Comment from another thread back when China bought about 10 of these:
...The 747 cargo version has a nose door allowing it to load oversized cargo for which freight airlines charge premium prices. The A380F will be more suited to carrying packages for UPS or FedEx than industrial cargoes that Cargolux and other freight lines carry. The A380F will have more range than the 747 Advanced freighter allowing nonstop freight service from the US to China, but most freight lines don’t care if they need to make an extra stop. Freighers are designed with less range than the passenger variants of the same aircraft so they can haul more weight. They also tend to have stronger landing gear in order to land with more weight. Passenger planes carry more fuel and burn it off before landing so they are lighter by the time they land.
6 posted on 7/21/2005, 7:21:28 AM by Paleo Conservative
Do you have a link to breaking news, dforest? Did I miss something?
Wouldn't Israel/US have prevented that? Lots of people online have been following this on FlightRadar, etc. so I'm sure Israeli/US intelligence has been following this too. On the other hand, we may have been allowing it if they were evacuating personnel, as suggested above.
My thought also
For taking heavy bulky cargo not passengers....
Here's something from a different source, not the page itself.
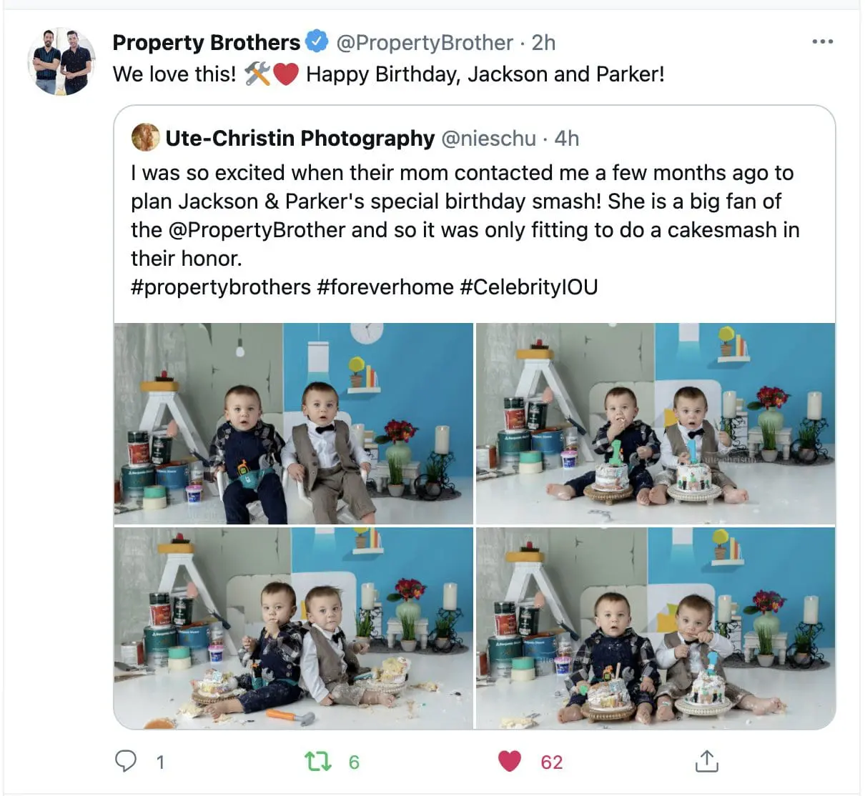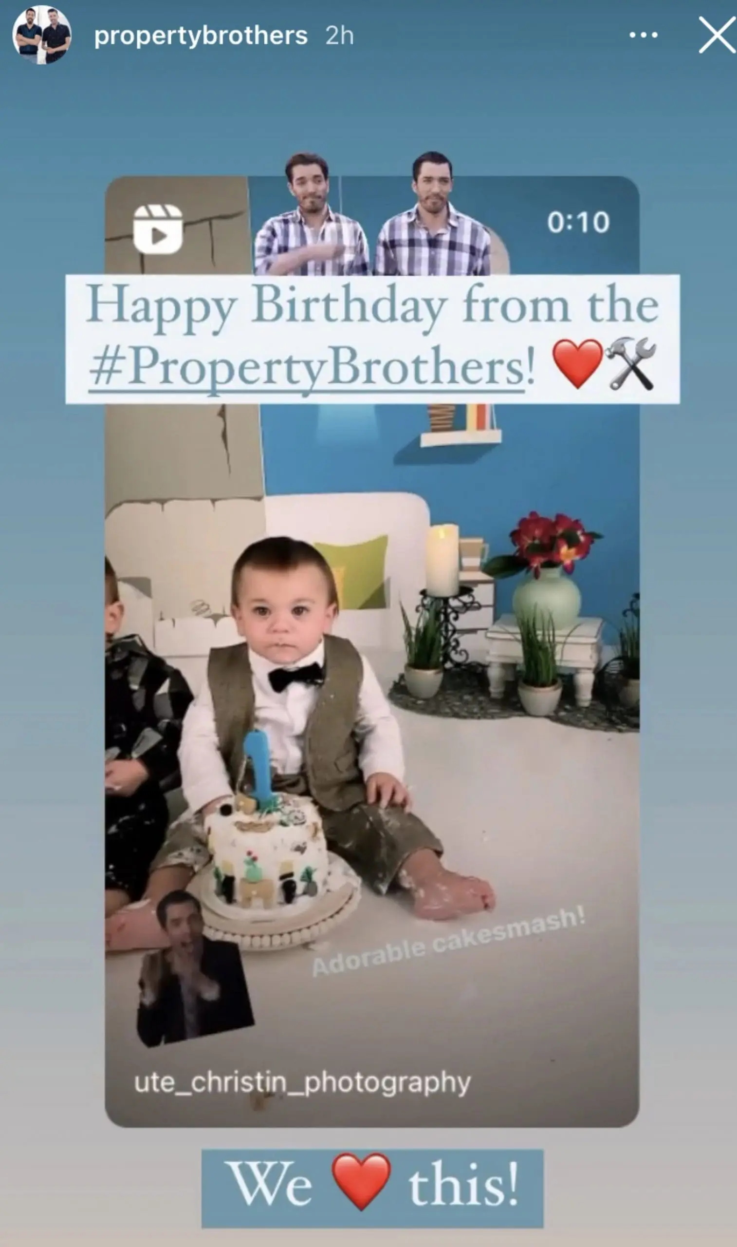 I couldn’t have been more excited when their mom reached out to tell me about her cakesmash idea for those adorable twins I photographed since they were born! The Property Brother theme was more than fitting for those identical twins! It took a few months of planning out the cakesmash but I immediately knew I wanted to do a split-screen to showcase the before and after, just like on the show. I purchased a graphic I liked online and modified it to fit my needs. Then I used this backdrop company to custom print the backdrop for the setup. Now I just had to plan out the setups and outfits! The planning phase is always my favorite because I love being creative and coming up with some fun ideas! I love watching the Property Brothers on HGTV so this was an absolute blast! A big shoutout to my friend Jade and her amazing cakes she really outdid herself for those!

Maybe China is in the market for cut rate “strategic metal.” Or scrap to discretely reprocess.
Persian rugs to resell.
Flights (and also truck convoys) that a lot of people have conveniently forgotten.
“Perhaps they REMOVED things from Iran, like Chinese scientists and other support staff helping Iran with nukes, etc.”
Undoubtedly correct.
Or the Russian Su-35s Russia sold to China.
It has been a few years since I looked at this, but...I recall that the A380 was not structurally suited to be modified as a cargo carrier, except perhaps as a carrier of a high volume of smaller packages, not large cargos the way a 747, C-17, or even a C-5 might carry.
I could be wrong, but that is what I recall. Has something changed, like a new variant of the A-380 that I am unaware of?
China is filling the vacuum before Israel can... This should have been seen coming. Those should have been shot down “by accident” as soon as they entered Iranian air space.
There isn't a dedicated cargo variant of the Airbus A380. While Airbus did initially plan for an A380F freighter, it was ultimately canceled due to various factors including the weak freight market and design limitations of the A380. Although the A380 has a large cargo capacity, its design makes it more suitable for passenger transport than for dedicated cargo operations.
There is no doubt it is an impressively large bird, but cargo would not be its forte due to limitations.
Chinese knock offs of Russian systems that are proven failures—The AA system will be welcome and they might really work and take out a few Israeli F-16s. Too Little, Too Late.